O pensamento crítico

O pensamento crítico nem sempre foi útil. Na verdade, durante a maior parte da história da humanidade, o pensamento crítico até podia ser uma desvantagem. As decisões mais importantes dos nossos antepassados eram quase sempre urgentes e tomadas com pouca informação. Na pré-história, os que ficaram a analisar cuidadosamente se aquele ruído era mesmo um leão ou se aqueles estranhos com lanças em riste tinham más intenções não viveram o suficiente para transmitir às gerações seguintes a sua abordagem metódica e atenta. Durante muito tempo, o pensamento crítico serviu de pouco e até podia ser perigoso para a saúde.
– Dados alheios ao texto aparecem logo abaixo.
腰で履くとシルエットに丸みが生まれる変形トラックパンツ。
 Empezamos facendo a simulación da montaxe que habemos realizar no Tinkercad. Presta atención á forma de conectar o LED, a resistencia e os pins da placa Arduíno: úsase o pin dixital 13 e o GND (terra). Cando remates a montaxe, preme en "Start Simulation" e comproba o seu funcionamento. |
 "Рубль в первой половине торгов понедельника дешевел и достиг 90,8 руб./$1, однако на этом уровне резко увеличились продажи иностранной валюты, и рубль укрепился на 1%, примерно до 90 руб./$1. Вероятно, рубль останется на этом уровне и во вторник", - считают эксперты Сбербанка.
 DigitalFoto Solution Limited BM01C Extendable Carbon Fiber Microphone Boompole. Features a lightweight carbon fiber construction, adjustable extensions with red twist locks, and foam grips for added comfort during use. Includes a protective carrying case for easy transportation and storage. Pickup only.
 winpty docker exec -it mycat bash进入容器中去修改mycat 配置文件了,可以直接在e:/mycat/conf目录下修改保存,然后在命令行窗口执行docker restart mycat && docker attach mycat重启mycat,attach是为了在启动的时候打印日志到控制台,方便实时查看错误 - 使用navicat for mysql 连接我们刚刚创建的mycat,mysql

Só lentamente é que esta situação foi mudando. Na Grécia antiga surgiram os primeiros filósofos ocidentais, que se tornaram famosos por pensar acerca de como pensar. Eram pessoas excepcionais numa sociedade excepcional onde apenas alguns, muito poucos, se podiam dedicar ao pensamento e à contemplação, enquanto os outros trabalhavam. E poucos séculos mais tarde, nas sociedades que lhes seguiram, pensar criticamente tornou-se ainda mais perigoso que antes. A superstição, a ignorância, a falta de informação adequada e a repressão social, muitas vezes violenta, conspiraram para que o pensamento crítico não fosse desejável para a grande maioria.
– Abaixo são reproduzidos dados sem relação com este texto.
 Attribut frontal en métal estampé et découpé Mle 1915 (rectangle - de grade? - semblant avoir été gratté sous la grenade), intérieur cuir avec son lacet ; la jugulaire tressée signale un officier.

Mas hoje vivemos numa sociedade mais tolerante e mais segura. Temos o privilégio de poder ponderar, exprimir e partilhar as nossas opiniões. E, normalmente, podemos antecipar as decisões mais importantes, podendo pensar com cuidado e reunir a informação necessária para decidir de forma deliberada e fundamentada. Acerca do curso que vamos seguir, das ofertas de emprego, da casa que queremos comprar e assim por diante. E temos acesso a informação abundante e de qualidade, se a conseguirmos separar do ruído. Por isso, hoje mais que nunca, temos muito a ganhar com o hábito de pensar com atenção. De seguir os passos do nosso raciocínio, e dos raciocínios dos outros, para tomar consciência da forma e do fundamento das decisões que tomamos e das opiniões que formamos ou aceitamos.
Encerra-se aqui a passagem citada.